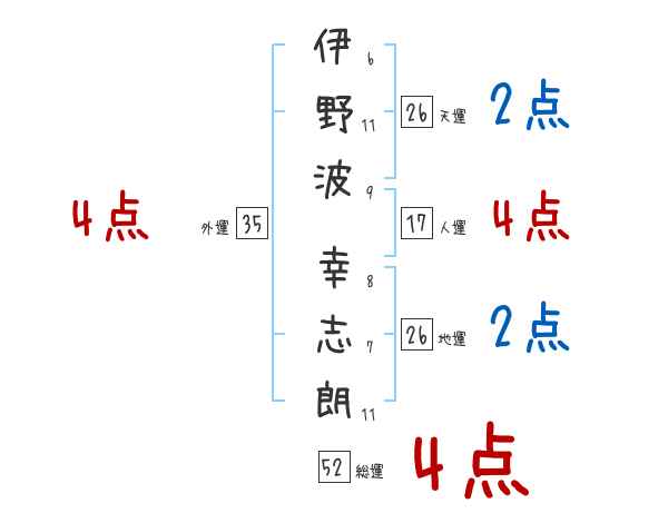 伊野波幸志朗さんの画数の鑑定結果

---

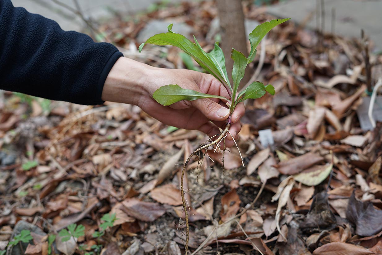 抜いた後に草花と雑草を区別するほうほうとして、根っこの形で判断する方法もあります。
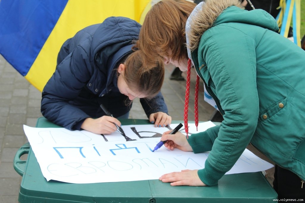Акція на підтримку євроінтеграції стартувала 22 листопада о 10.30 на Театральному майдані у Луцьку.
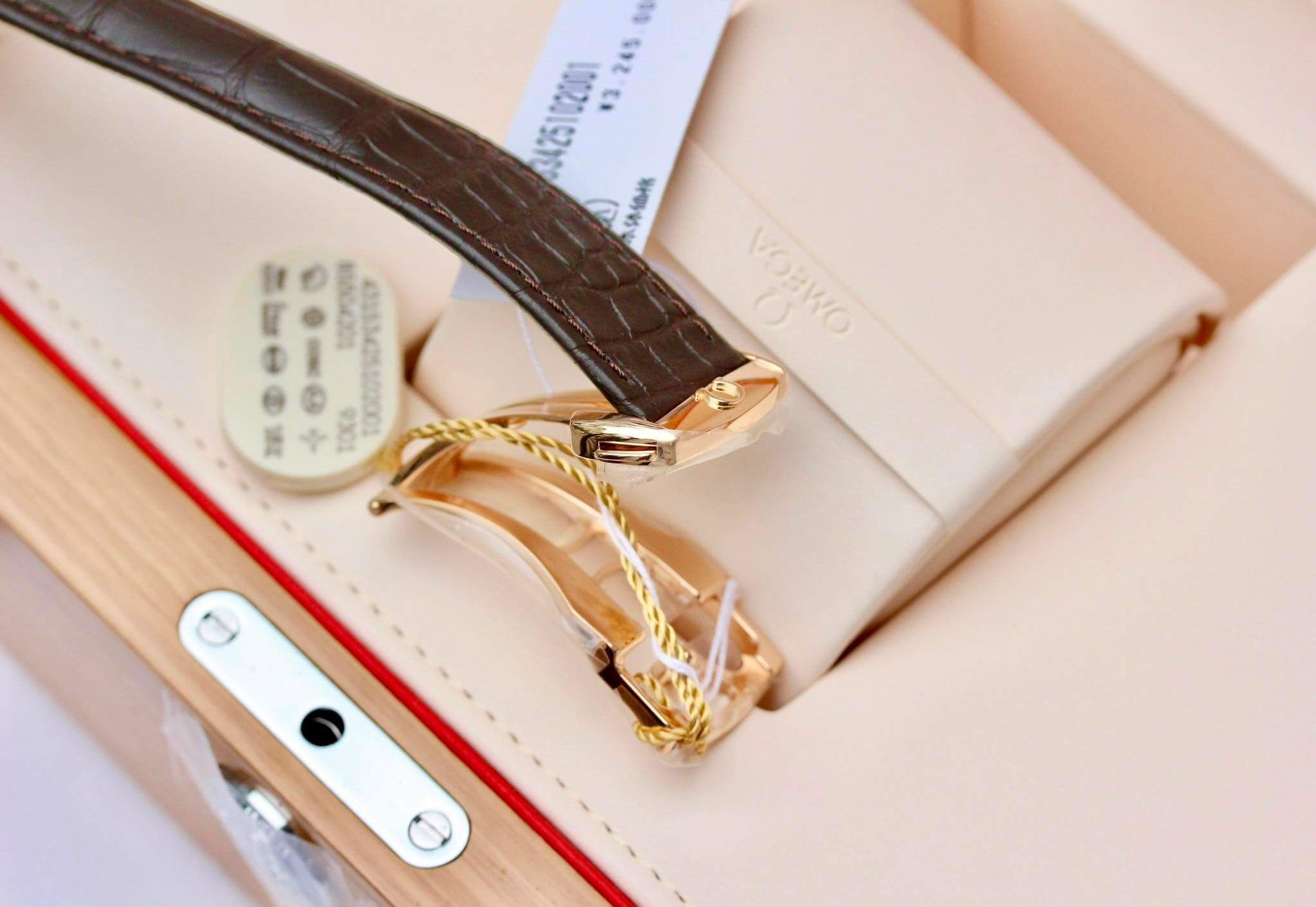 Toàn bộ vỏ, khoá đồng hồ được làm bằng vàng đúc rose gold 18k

• Exercise objective:
Write out again exactly the lines above from the one with "Акція на підтримку" through the one with "Toàn bộ vỏ, khoá", adding no other lines and no pictures.

• Answer area:
Акція на підтримку євроінтеграції стартувала 22 листопада о 10.30 на Театральному майдані у Луцьку.
 Toàn bộ vỏ, khoá đồng hồ được làm bằng vàng đúc rose gold 18k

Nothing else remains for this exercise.